Records from a data source
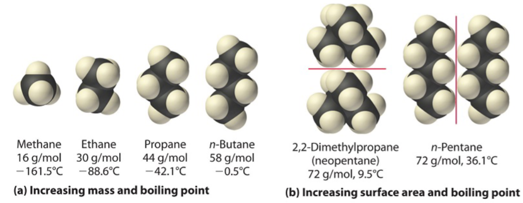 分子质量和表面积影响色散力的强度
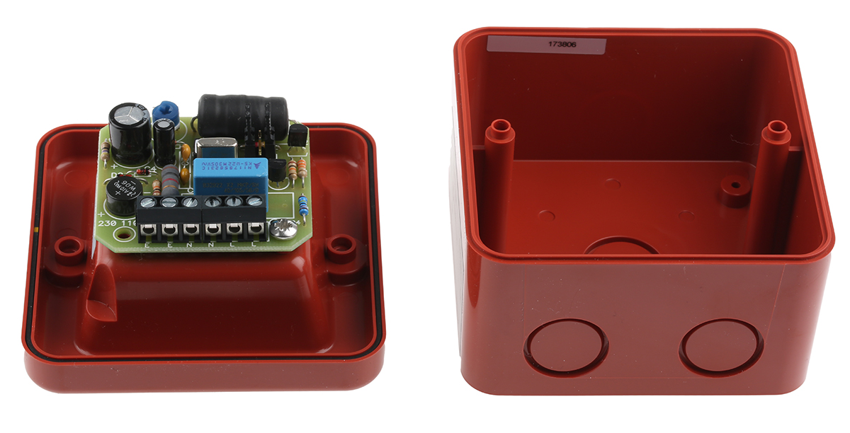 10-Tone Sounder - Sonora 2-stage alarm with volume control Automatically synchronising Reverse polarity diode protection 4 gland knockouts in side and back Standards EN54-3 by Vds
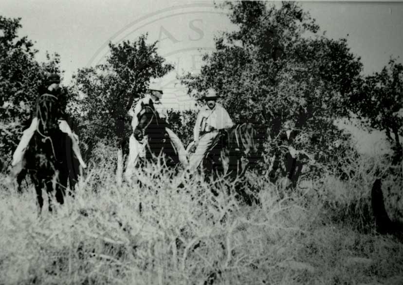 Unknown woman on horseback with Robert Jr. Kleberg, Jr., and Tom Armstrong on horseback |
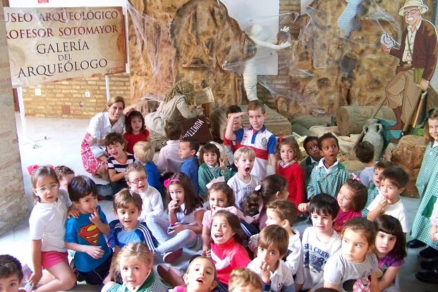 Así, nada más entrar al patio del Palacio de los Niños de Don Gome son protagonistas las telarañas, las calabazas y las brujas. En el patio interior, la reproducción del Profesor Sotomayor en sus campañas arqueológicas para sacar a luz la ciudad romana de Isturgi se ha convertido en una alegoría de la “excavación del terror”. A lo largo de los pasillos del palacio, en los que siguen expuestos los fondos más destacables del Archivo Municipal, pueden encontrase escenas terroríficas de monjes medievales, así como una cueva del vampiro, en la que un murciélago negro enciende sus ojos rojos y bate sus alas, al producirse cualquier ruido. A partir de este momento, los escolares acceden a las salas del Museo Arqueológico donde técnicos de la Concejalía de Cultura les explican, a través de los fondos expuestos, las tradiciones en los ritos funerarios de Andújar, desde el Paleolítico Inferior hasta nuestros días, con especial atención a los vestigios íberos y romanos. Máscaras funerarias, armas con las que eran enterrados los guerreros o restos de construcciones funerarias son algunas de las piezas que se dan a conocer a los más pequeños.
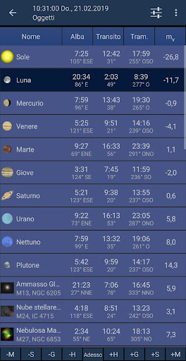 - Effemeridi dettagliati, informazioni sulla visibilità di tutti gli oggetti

* Directions
Would you reproduce the lines above, from the very first through the line containing "Así, nada más", exactly and without the pictures?

* Result
 分子质量和表面积影响色散力的强度
 10-Tone Sounder - Sonora 2-stage alarm with volume control Automatically synchronising Reverse polarity diode protection 4 gland knockouts in side and back Standards EN54-3 by Vds
 Unknown woman on horseback with Robert Jr. Kleberg, Jr., and Tom Armstrong on horseback |
 Así, nada más entrar al patio del Palacio de los Niños de Don Gome son protagonistas las telarañas, las calabazas y las brujas. En el patio interior, la reproducción del Profesor Sotomayor en sus campañas arqueológicas para sacar a luz la ciudad romana de Isturgi se ha convertido en una alegoría de la “excavación del terror”. A lo largo de los pasillos del palacio, en los que siguen expuestos los fondos más destacables del Archivo Municipal, pueden encontrase escenas terroríficas de monjes medievales, así como una cueva del vampiro, en la que un murciélago negro enciende sus ojos rojos y bate sus alas, al producirse cualquier ruido. A partir de este momento, los escolares acceden a las salas del Museo Arqueológico donde técnicos de la Concejalía de Cultura les explican, a través de los fondos expuestos, las tradiciones en los ritos funerarios de Andújar, desde el Paleolítico Inferior hasta nuestros días, con especial atención a los vestigios íberos y romanos. Máscaras funerarias, armas con las que eran enterrados los guerreros o restos de construcciones funerarias son algunas de las piezas que se dan a conocer a los más pequeños.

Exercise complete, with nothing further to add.